I love a fresh start. When we turn the calendar into January, we can look back and learn from the past while focusing on a clean slate ahead. My wife and I have been setting annual goals from the very first New Year we met – Y2K. We believe in the importance of writing down our goals and making them not only meaningful but also measurable.
Throughout my career, I’ve understood that success involves three key ingredients. (And you can define success however you want. I define it as laying out a goal and accomplishing it.) First, you need to know where you are. Secondly, you need to know where you are going. Finally, you need to know how you are going to get there.
Seems obvious, right? But it’s not—at least not for everyone. Here is where the younger generation has an advantage over the rest of us. They are excellent at figuring out who they are. That’s because they’ve been run through every personality test from Myers Briggs to Strength Finders and met with career advisers and counselors who’ve told them exactly what areas they should focus on. They have been trained to understand themselves.
This generation is also very good at figuring out where they want to go—destination. In my decade of coaching college students, I asked hundreds of young people this key question: What is your dream job? Their replies painted some pretty cool pictures of where they saw themselves in 20 years.
And therein lies the problem. They don’t know how to get there.
The most important piece millennials need help with is discovering the roadmap for getting from here to there. Many of us do.
I believe I have made more connections and built more trust and loyalty with the younger generation by truly taking an interest in listening to them talk about their dreams, but just as importantly, helping them create the roadmap to realize those dreams. I don’t have all the answers, but I look for opportunities to play a role in their success as and help them chart a course from Point A to Point B as they set out on their career journey.

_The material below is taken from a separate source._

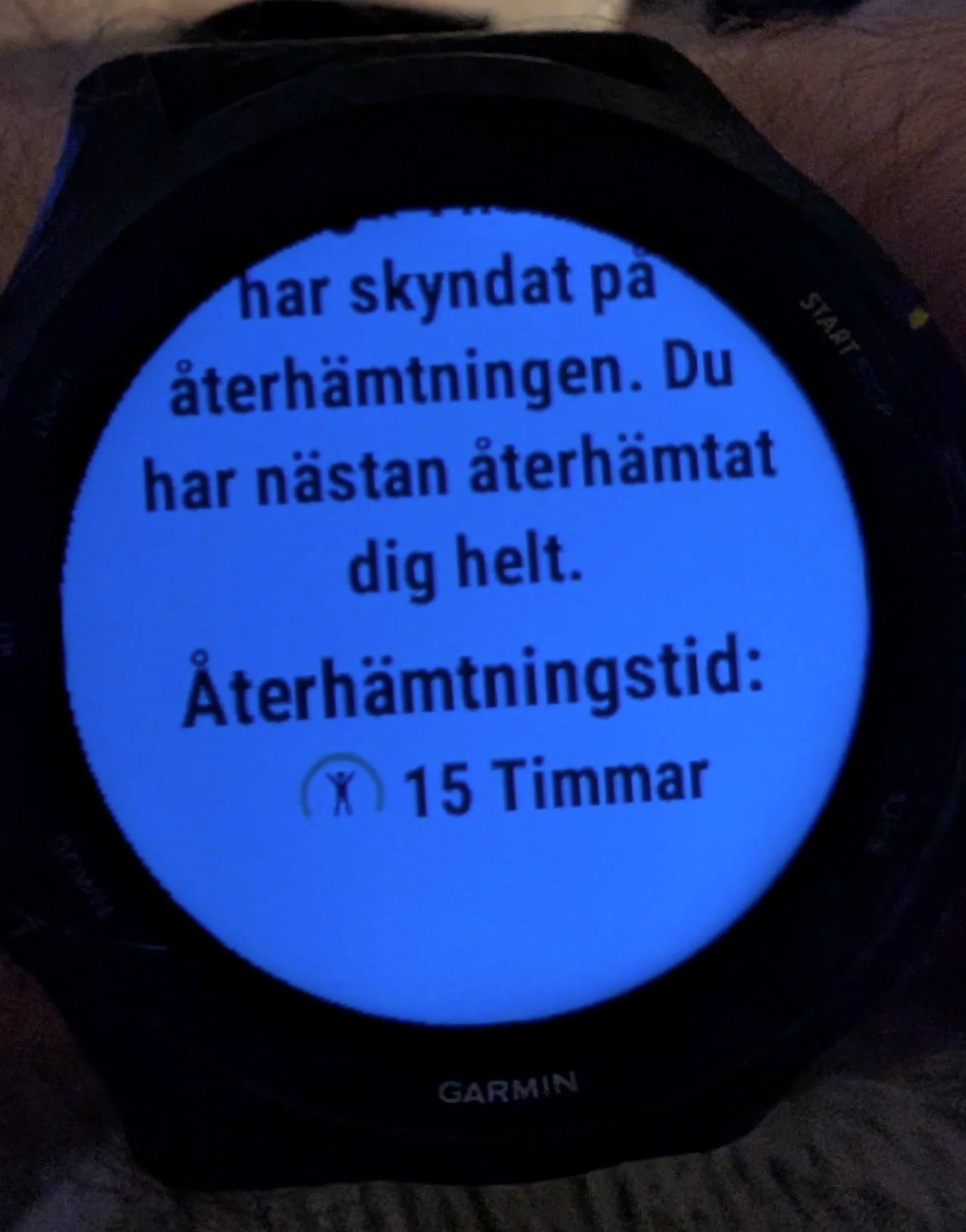 Jag tycker också Garmins meddelanden om återhämtning är märkliga. Jag får en notifiering runt kl 15 varje dag, tränar vid lunch några dagar i veckan och det verkar som att det passet inte tas med i beräkningen av eftermiddagens notis utan den baseras på föregående dags pass.
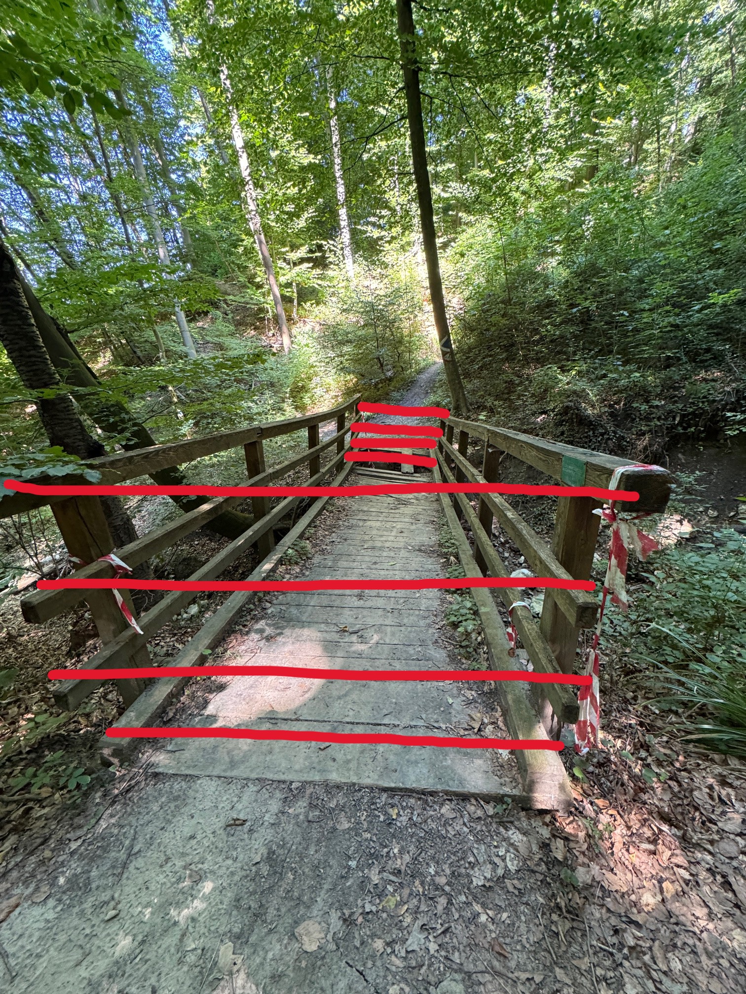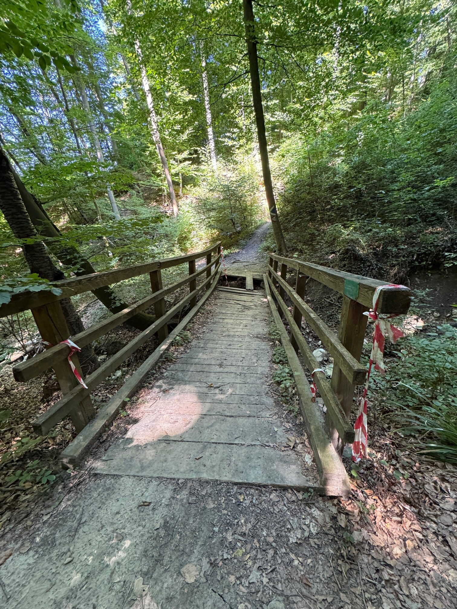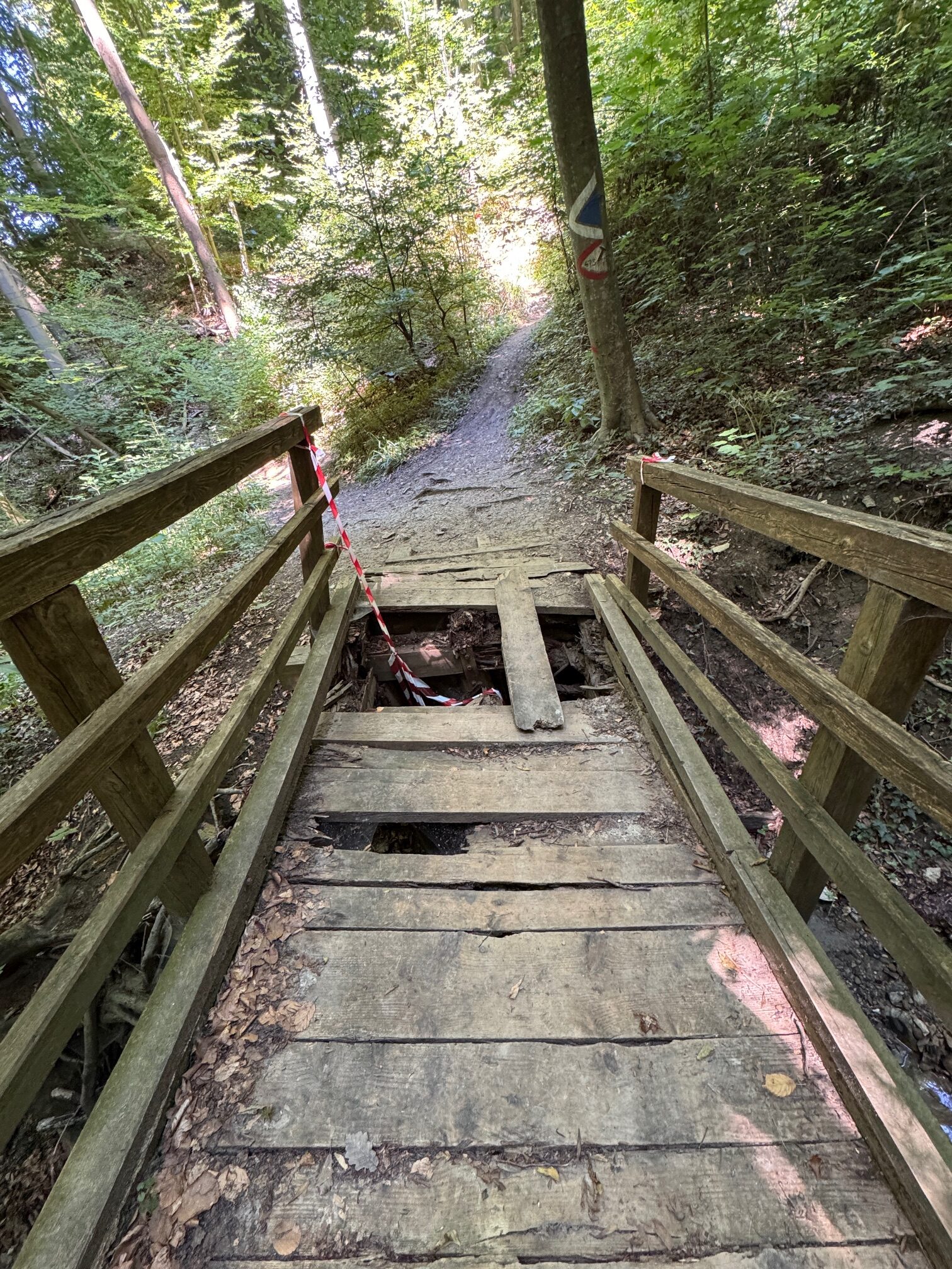 Eine Umgehung der Brücke ist bereits gekennzeichnet und ausgetreten bitte diese unbedingt zu benützen!

Are you willing to do that?
Business leaders who will take an interest in their young professionals’ goals and help them reach those goals are far more likely to thrive long-term beyond the current generational shift.
One of the good things that has come from the “helicopter parenting” approach, which many millennials grew up with, is that they actually want to be coached. They’ve always had a resource to turn to (their parents) when they needed help making a decision. Yet now they are now walking into the workplace where typically those decision-making helpers do not exist. In my perspective, that gap creates an opportunity to add value.
I know many of you reading this will say, “Nobody took the time to help me get to where I got. I had to figure that out on my own. Why should I take them time to help them?” I hear that a lot from today’s business leaders. And some of you may be asking, “Where am I supposed to work coaching into my schedule?”
I guess that is the question.
Do you value getting things done or developing and retaining your talent? A good leader values both. I believe this is a key to truly engaging the younger workforce—building a relationship. Yes, it takes time and effort to listen and to engage, but it doesn’t only benefit the millennial. You, too, can grow from these relationships. I know I sure have.